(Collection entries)

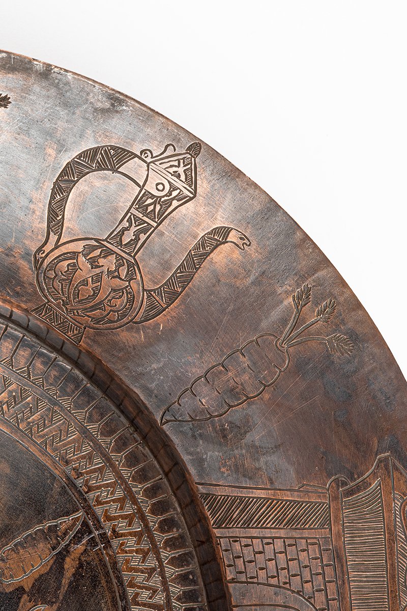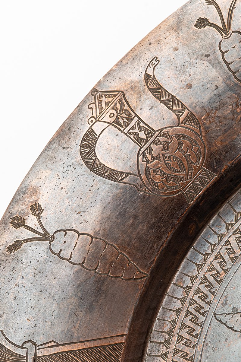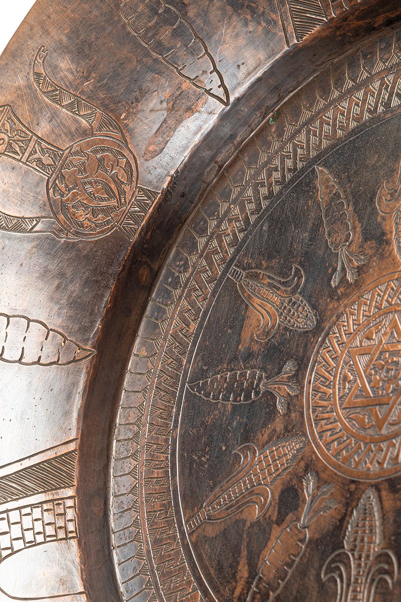 This engraved copper tray unites geometry, agriculture, and ceremony into a layered vision of prosperity and cultivation. Its surface reads as a manuscript in metal, where calligraphy, vegetal symbols, and architectural motifs speak together of sustenance and sacred order.
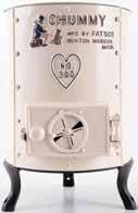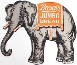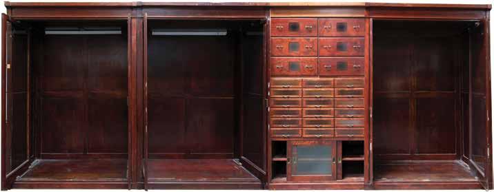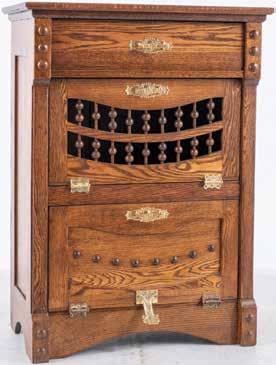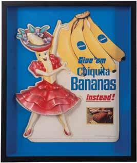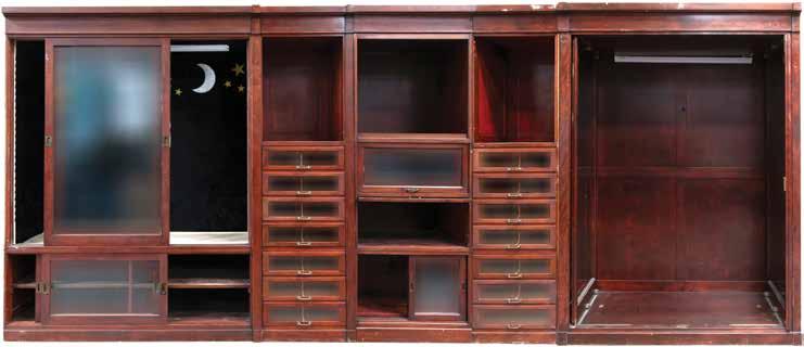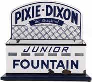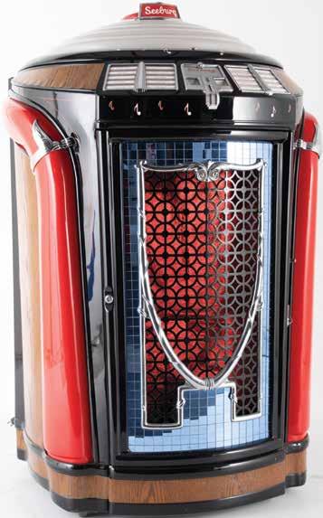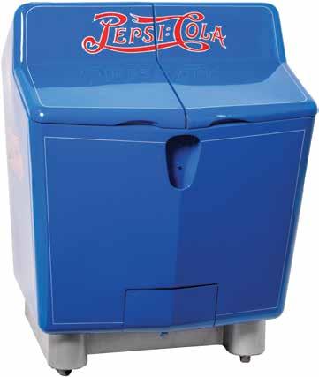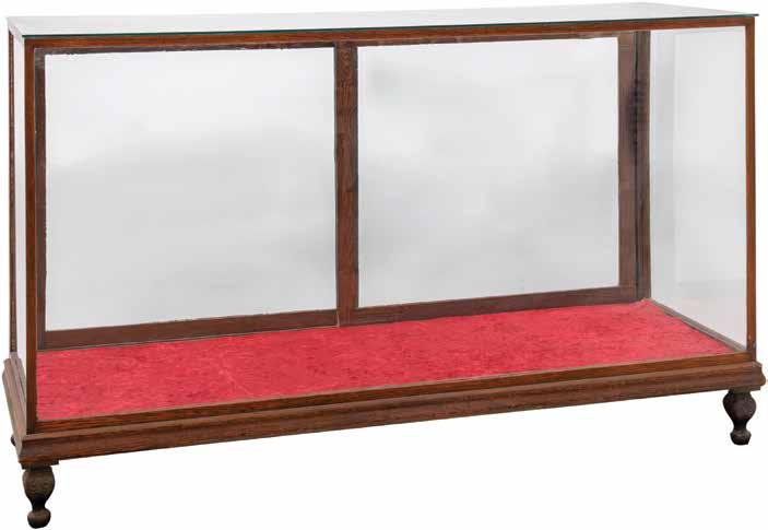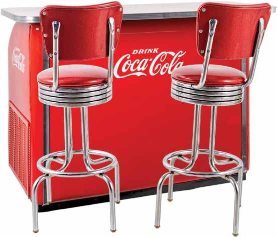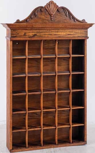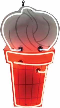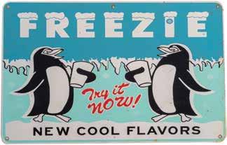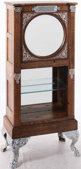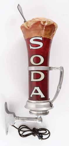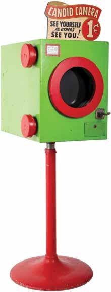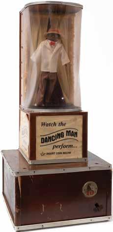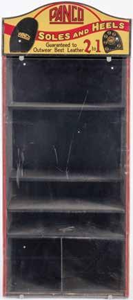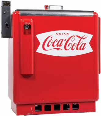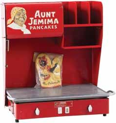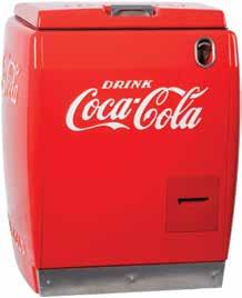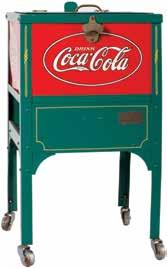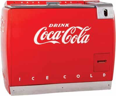 54” x 31” x 106” A figural display cabinet or display feature in the form of an oversized 40s refrigerator. Wood construction with metal detail styling, internal shelving, and front load design. CONDITION: Showing light wear from transporting and handling. Has interior shelving, working front door, no breaks or repairs. This is not a standard shippable item and will require 3rd party shipping or pickup arrangements to be made. (Very Good). 1,500 - 3,000
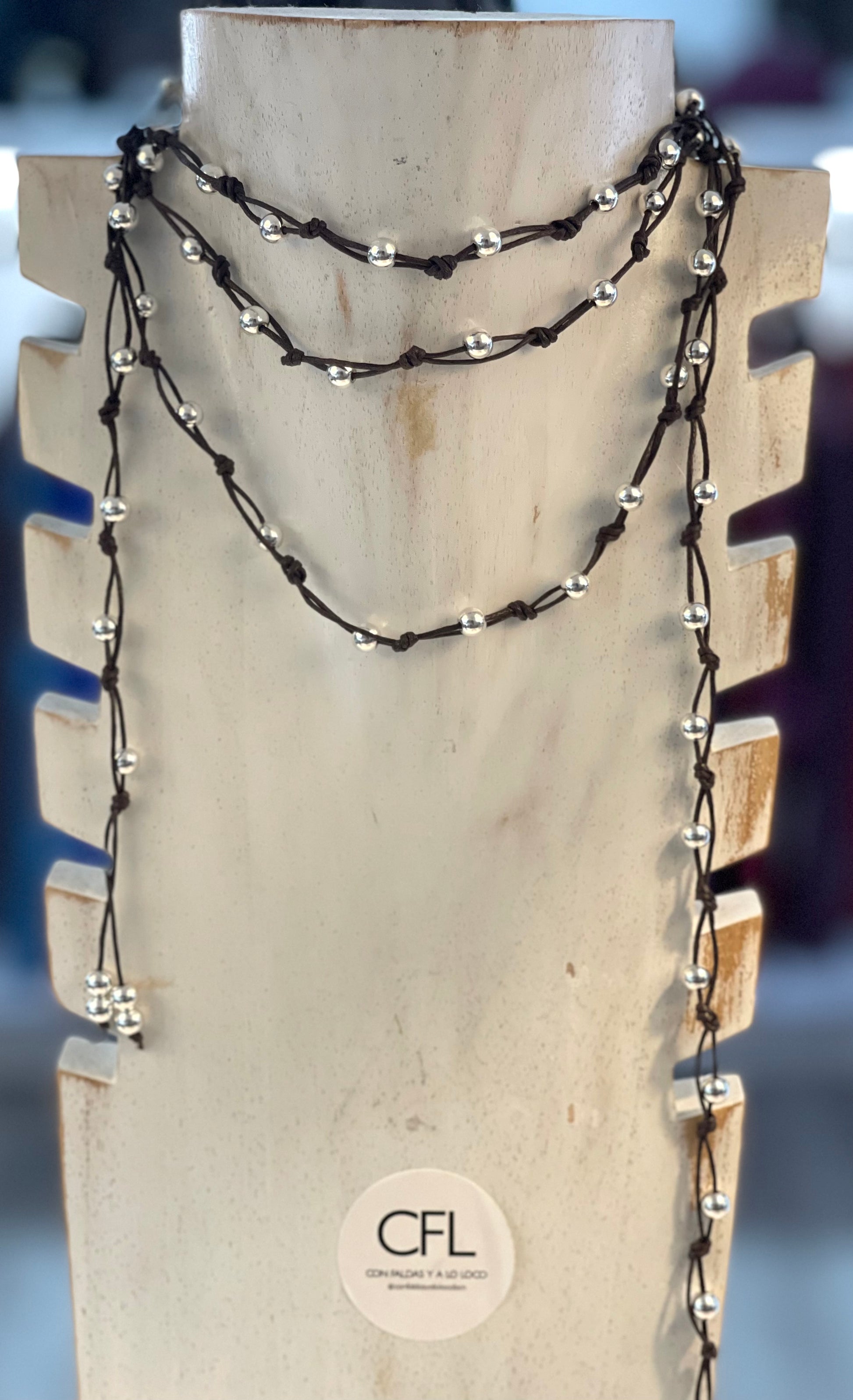 Hecho a mano con cuentas en tonos plata con hilo color chocolate de algodón trenzado efecto cuero. Ligero, versátil por su longitud y forma totalmente abierta.
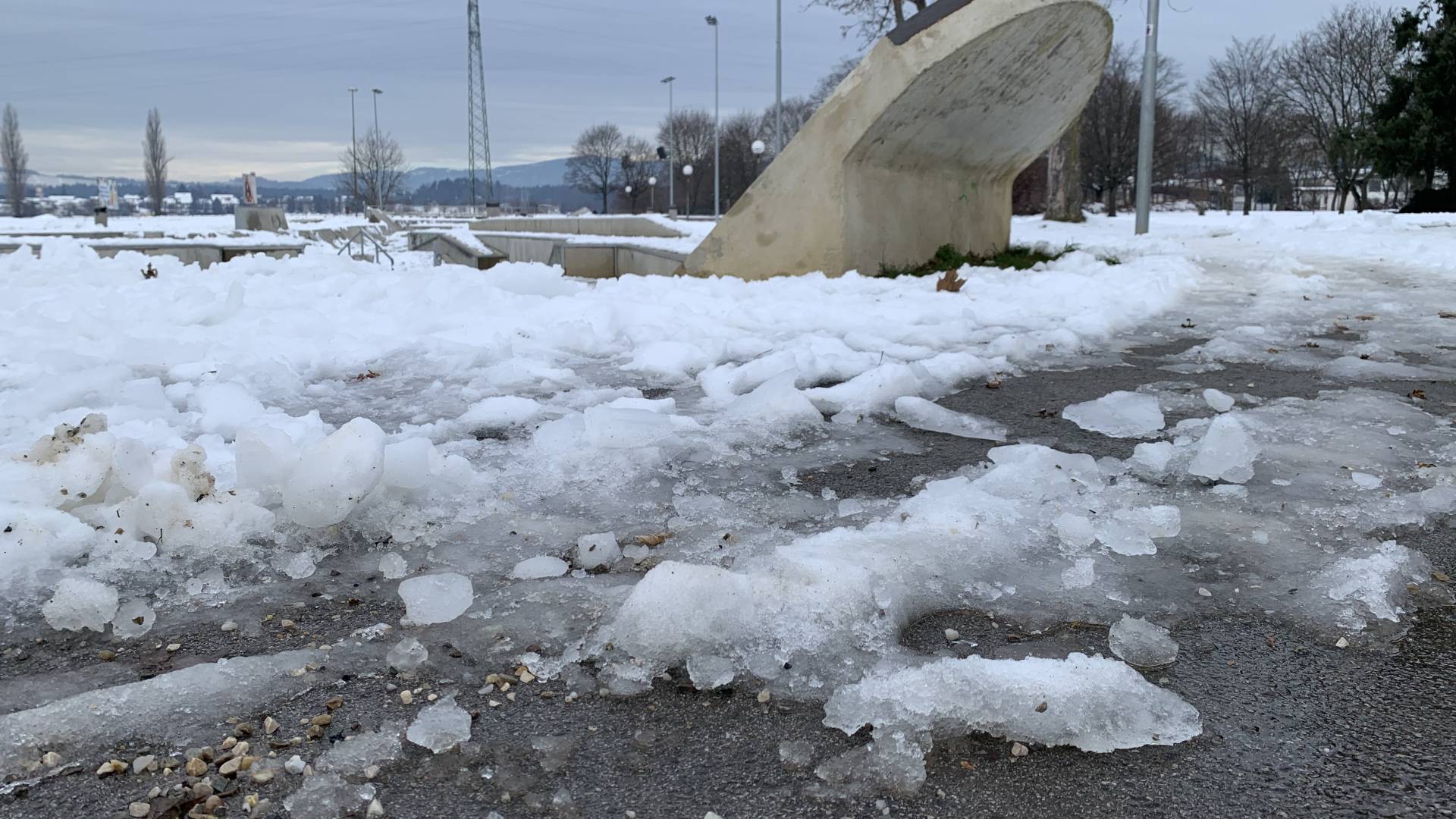 Kamenčki in pesek v zimskih razmerah omogočata lažjo in manj nevarno hojo, na skate parku pa je posip izredno nevaren.
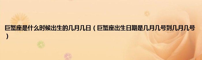 大家好,综合小编来为大家讲解下。巨蟹座是什么时候出生的几月几日,巨蟹座出生日期是几月几号到几月几号这个很多人还不知道,现在让我们一起来看看吧!
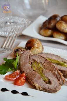 Poi, continuare la cottura aggiungendo del brodo vegetale bollente. Cuocere per circa 60-70 minuti, coperto e a fuoco basso. Rigirare ogni tanto la carne e bagnarla con il suo fondo. Al termine della cottura, estratte la carne dall’arrostiera e lasciarla raffreddare a temperatura ambiente. Poi, rimuovere lo spago da cucina e affettarla da fredda, perché le fette non si rompano.
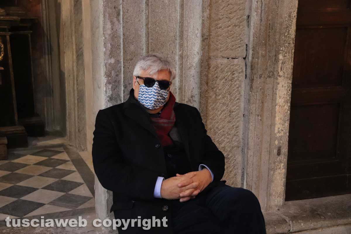 Una celebrazione nel rispetto delle norme anti-Covid, con i fedeli distanziati, naso e bocche coperte dalla mascherina. L’attore Piermaria Cecchini ha declamato una delle letture. Per il comune di Viterbo era presente l’assessore all’Agricoltura Ludovica Salcini.
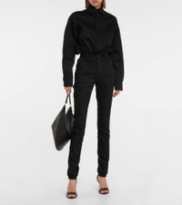 These jeans from Alaïa are an elevated wardrobe essential. Made from cotton, they are cut to a high-rise waist and feature topstitching details along the center of the slim legs. - material: 99% cotton, 1% polyurethane - lining: partially lined - pocket lining: 100% cotton - care instructions: machine wash at 30 degrees - five pockets - zipper fly, button fastening - Made in Italy - belt loops - Designer colour name: Noir Alaia - Runs small, please see Size & Fit tab
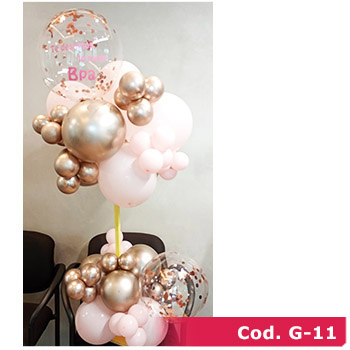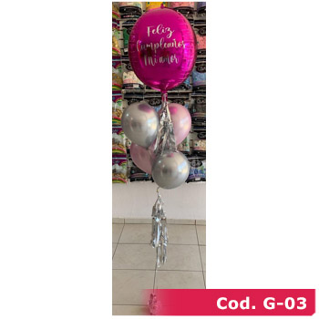 Ramillete de 1 globo metalico personalizado con 34globo de latex de diferentes tamaños amarrados en una base de peso decorada con globos de latex y tarjeta hecha y escrita a mano. El globo metálico solo duran 2 dias flotando con el helio y los globos de latex solo duran 8 horas flotando

### [Task objective]
What is needed is a verbatim transcription of the records, minus the pictures.

### [Reply to the task]
 This engraved copper tray unites geometry, agriculture, and ceremony into a layered vision of prosperity and cultivation. Its surface reads as a manuscript in metal, where calligraphy, vegetal symbols, and architectural motifs speak together of sustenance and sacred order.
 54” x 31” x 106” A figural display cabinet or display feature in the form of an oversized 40s refrigerator. Wood construction with metal detail styling, internal shelving, and front load design. CONDITION: Showing light wear from transporting and handling. Has interior shelving, working front door, no breaks or repairs. This is not a standard shippable item and will require 3rd party shipping or pickup arrangements to be made. (Very Good). 1,500 - 3,000
 Hecho a mano con cuentas en tonos plata con hilo color chocolate de algodón trenzado efecto cuero. Ligero, versátil por su longitud y forma totalmente abierta.
 Kamenčki in pesek v zimskih razmerah omogočata lažjo in manj nevarno hojo, na skate parku pa je posip izredno nevaren.
 大家好,综合小编来为大家讲解下。巨蟹座是什么时候出生的几月几日,巨蟹座出生日期是几月几号到几月几号这个很多人还不知道,现在让我们一起来看看吧!
 Poi, continuare la cottura aggiungendo del brodo vegetale bollente. Cuocere per circa 60-70 minuti, coperto e a fuoco basso. Rigirare ogni tanto la carne e bagnarla con il suo fondo. Al termine della cottura, estratte la carne dall’arrostiera e lasciarla raffreddare a temperatura ambiente. Poi, rimuovere lo spago da cucina e affettarla da fredda, perché le fette non si rompano.
 Una celebrazione nel rispetto delle norme anti-Covid, con i fedeli distanziati, naso e bocche coperte dalla mascherina. L’attore Piermaria Cecchini ha declamato una delle letture. Per il comune di Viterbo era presente l’assessore all’Agricoltura Ludovica Salcini.
 These jeans from Alaïa are an elevated wardrobe essential. Made from cotton, they are cut to a high-rise waist and feature topstitching details along the center of the slim legs. - material: 99% cotton, 1% polyurethane - lining: partially lined - pocket lining: 100% cotton - care instructions: machine wash at 30 degrees - five pockets - zipper fly, button fastening - Made in Italy - belt loops - Designer colour name: Noir Alaia - Runs small, please see Size & Fit tab
 Ramillete de 1 globo metalico personalizado con 34globo de latex de diferentes tamaños amarrados en una base de peso decorada con globos de latex y tarjeta hecha y escrita a mano. El globo metálico solo duran 2 dias flotando con el helio y los globos de latex solo duran 8 horas flotando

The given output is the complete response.